The Open Free Energy Consortium: Alchemistry for Everyone
Richard J Gowers1, Benjamin Ries1,2, Irfan Alibay1, David W. H. Swenson1 and Michael M. Henry1,3
1The Open Free Energy Consortium, Open Molecular Software Foundation, Davis, California 95616, United States
2Boehringer Ingelheim Pharma GmbH & Co KG, Medicinal Chemistry, Birkendorfer Str 65, 88397 Biberach an der Riss, Germany
3Computational and Systems Biology Program, Sloan Kettering Institute, Memorial Sloan Kettering Cancer Center, New York, NY, USA
Alchemical free energy methods have found tremendous success over the last few decades, becoming key components of drug discovery pipelines. Despite many and ongoing innovations in this area, with several methodological improvements published each year, it remains challenging to consistently run free energy campaigns using state-of-the-art tools and best practices. In many cases, doing so requires expert knowledge, and/or the use of expensive closed source software. The Open Free Energy Consortium (https://openfree.energy/) was created with the aim of addressing these issues. A joint effort between academic and industry partners, the consortium aims to create and maintain reproducible and extensible open source toolkits for running large scale free energy campaigns. The initial flagship product of the Open Free Energy Consortium is the OpenFE toolkit (https://github.com/OpenFreeEnergy/openfe/), a permissively licensed open-source Python framework to setup, calculate, and analyse relative binding free energies.

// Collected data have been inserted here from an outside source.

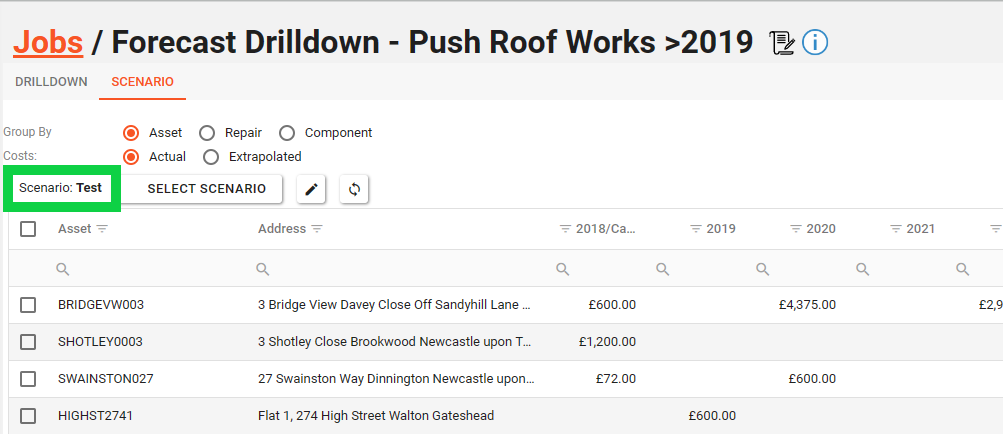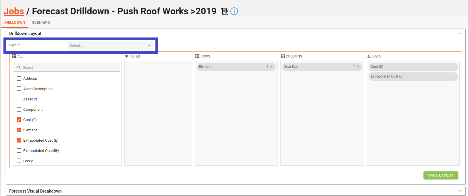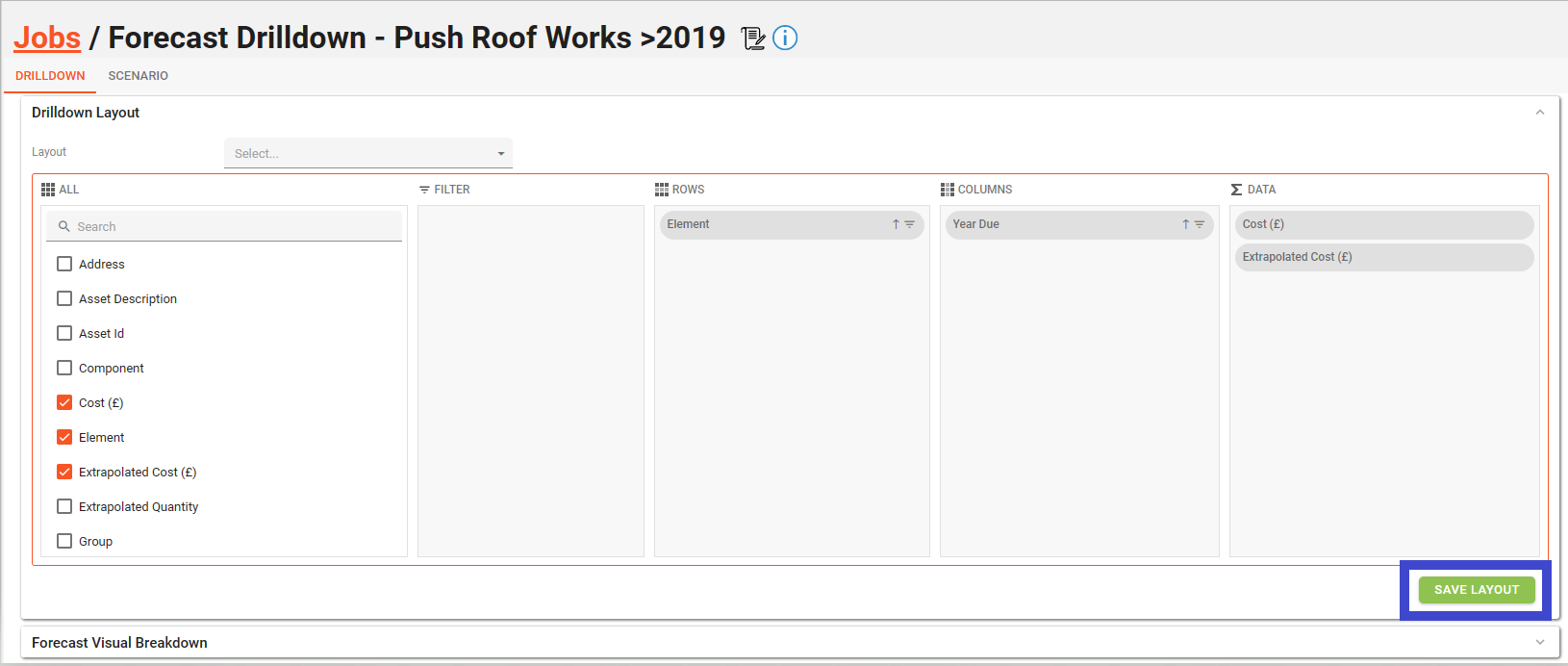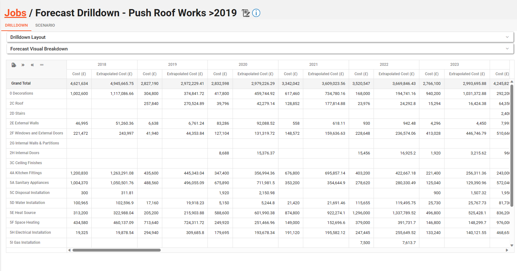 When the “Drilldown” button has been clicked, the screen will load the Forecast data for the selected Job. There are two tabs within the forecast job “Drilldown” and “Scenario”.
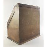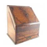 An antique wooden walnut desktop stationery box. Removeable folding slope to bottom. A truly lovely piece. Some minor honest wear. 30cm x 24cm x 35cm approx
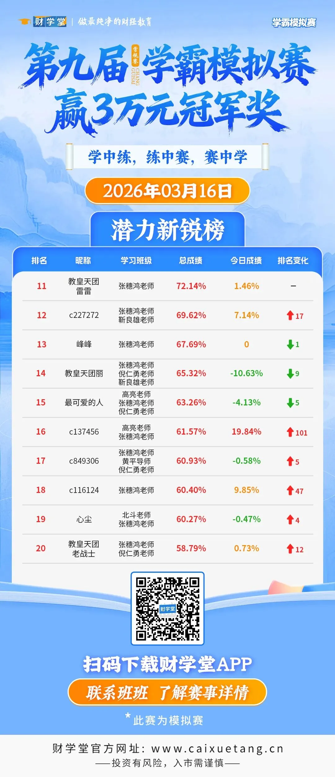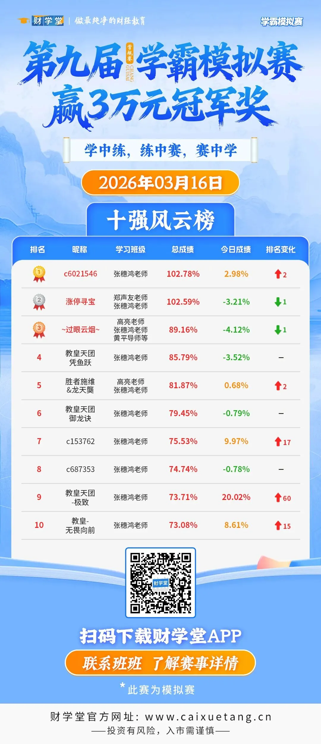 第九届“学霸模拟赛”比赛来到第6个交易周周一,新的一周正式开启。今天市场整体以震荡为主,指数小幅波动,个股涨跌分化明显。在这样的行情里,榜单里的操作节奏反而更值得看看。
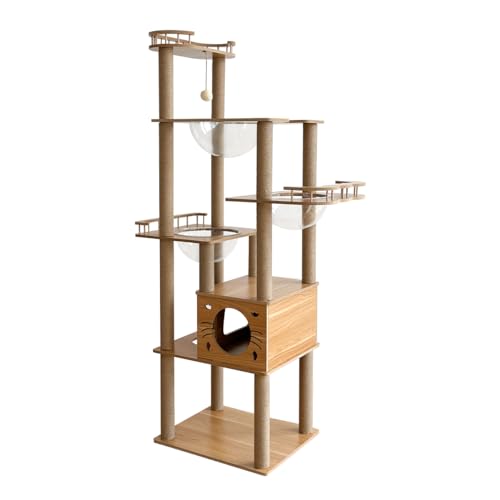 RAKUキャットタワーは宇宙船付きのハイタイプ。高さ約183.5cm、木製で据え置き型。爪とぎボールや展望台も完備。大型猫や多頭飼いに最適。運動不足解消にも。
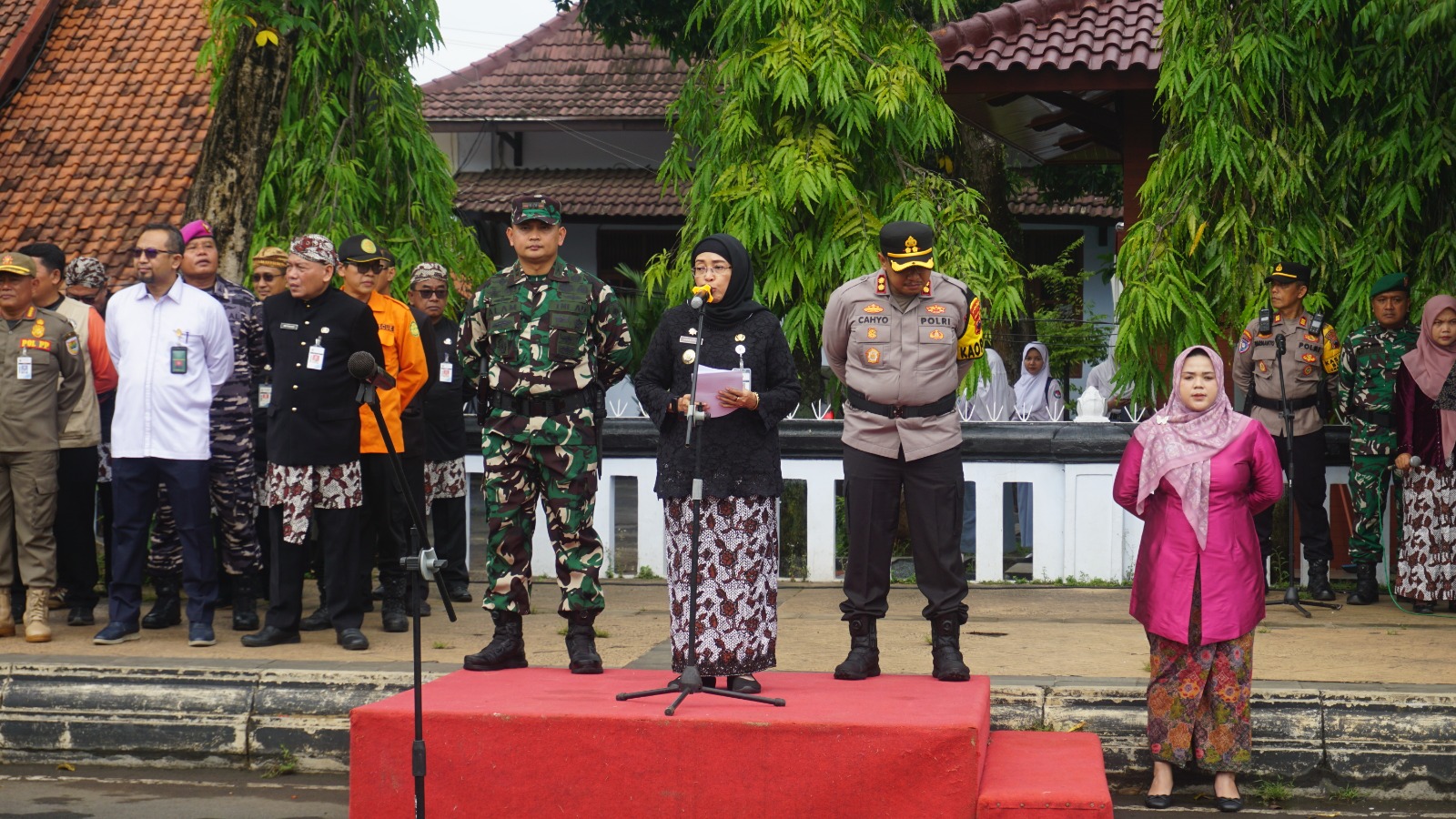 Hadir dalam kegiatan,Pj. Bupati Batang Dra. Lani Dwi Rejeki, M.M. Dandim 0736/Batang Letkol Inf. Ahmad Alam Budiman, S.E, M.I.Pol, M.Han,Kapolres Batang AKBP Nur Cahyo Ari Prasetyo, S.H., S.I.K., M.H.,Kepala Pengadilan Negeri Batang Wasis Priyanto, SH.,MH.,Kasatpol PP Batang Ir. Dwi Pranggono,Kepala BPKPAD Kab. Batang Sri Purwaningsih, S.H,Plt Kepala BPBD Kab. Batang Ulul Azmi, AP., MM ,Danpos AL Batang, Letda Mar. Marwoto. (Ant)
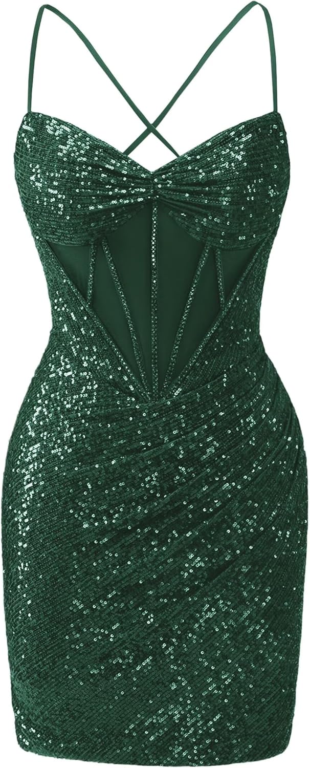 Item Description: This SparklySequin Homecoming Dresses Spaghetti Straps V-Neck Short Prom Dress for Teens Bodycon Ruched DAMA Dress is elegant and sexy, high quality sequin is very comfortable. Custom Made: Dresses can be made according to your measurements with no more charges, the measurements we need is: 1.Bust 2.Waist 3.Hips 4.Hollow(or Shoulder) to Hem 5.The height of your high heel shoes. after you place the order,please send us your measurements and order id Occasion: This Women's V-Neck Sequin Short Prom Dresses Sparkly DAMA Dresses for Quinceanera,suitable as Homecoming,DAMA Dresses for Quinceanera, Prom ,Party, Formal, Evening, Concert, Black tie, Graduation, School Dance, Birthday, Masquerade, Pageant, Reception, Club, Ceremony,Cocktail, Gala Dress, Sweet 16, Special Occasion. Waistline:Natural Decoration:Spaghetti Straps,sequin,v-neck,ruched Fabric Type:Sequin Back:Lace up back Dresses Length:Short Sleeve Length:Sleeveless
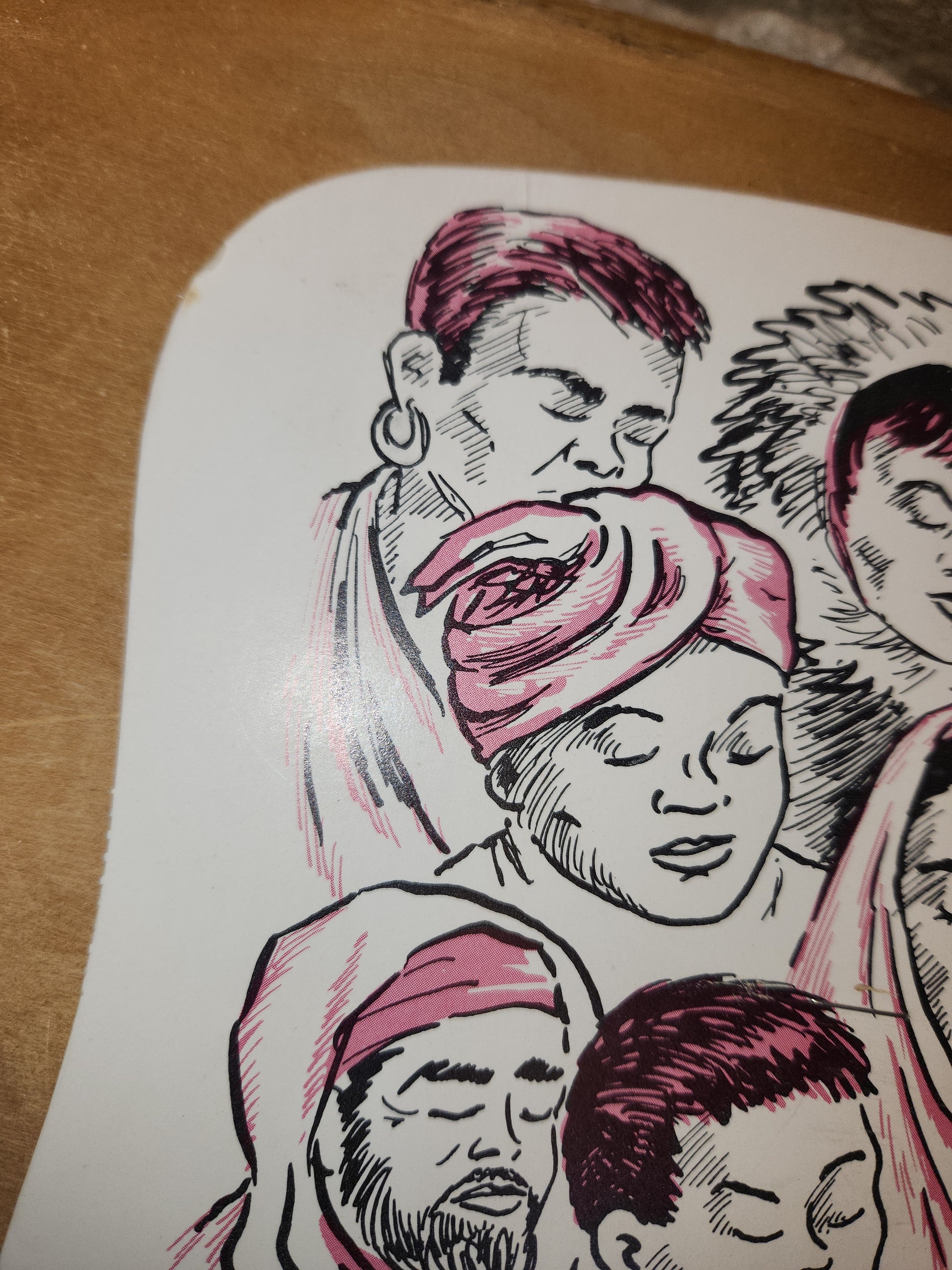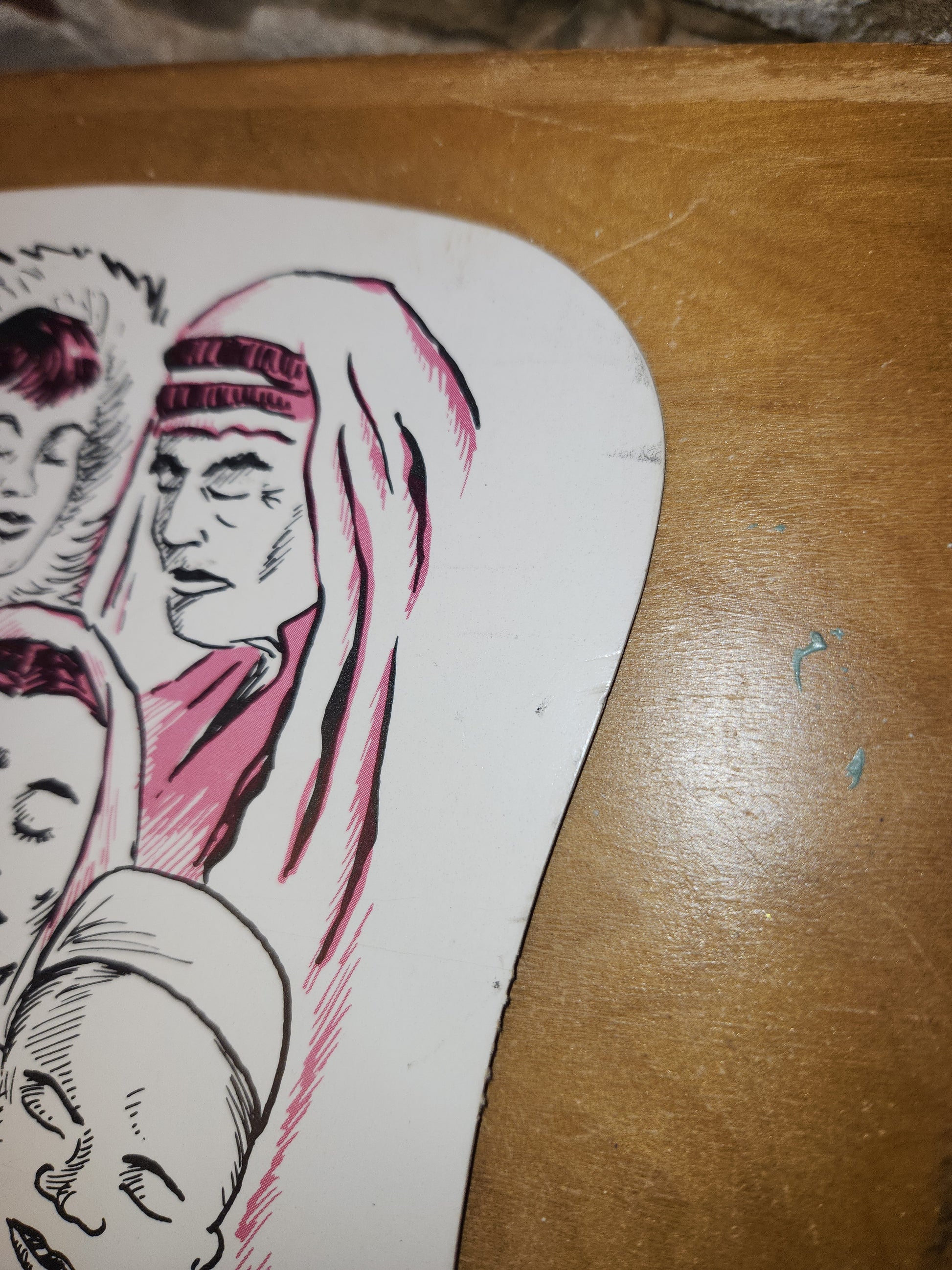 This fan is in fair condition. There is wear on all edges and areas of discoloration on the edges. There are several small areas on the back where the paper is ripped up. The stick has a few white marks on it. It is 11 3/4" tall and 7 1/2" wide Please see photos as they are part of the description
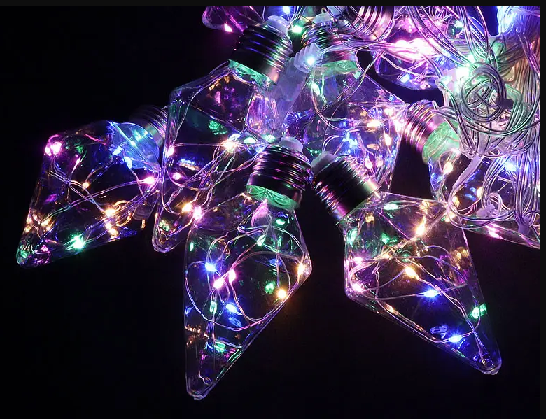 Гирлянда состоит из нити, на которой разложены большие лампочки пирамиды, освещаемые светом светодиода.

In this contribution we will summarise the progress and outputs of the project after its first year of operation. First we present the first benchmark results of the OpenFE toolkit. We compare the accuracy of ΔΔG estimates for approximately 200 ligand transformations calculated using the OpenFE toolkit with the OpenMM molecular dynamics engine, against previously published benchmark systems. We also assess the relative compute performance and accuracy of various equilibrium and non-equilibrium methods, including Hamiltonian replica exchange, self-adjusted mixture sampling, and non-equilibrium switching. Finally, we detail next steps for the toolkit, including the addition of support for other molecular dynamics engines, absolute binding free energies, and the ongoing curation of protein-ligand free energy benchmarks.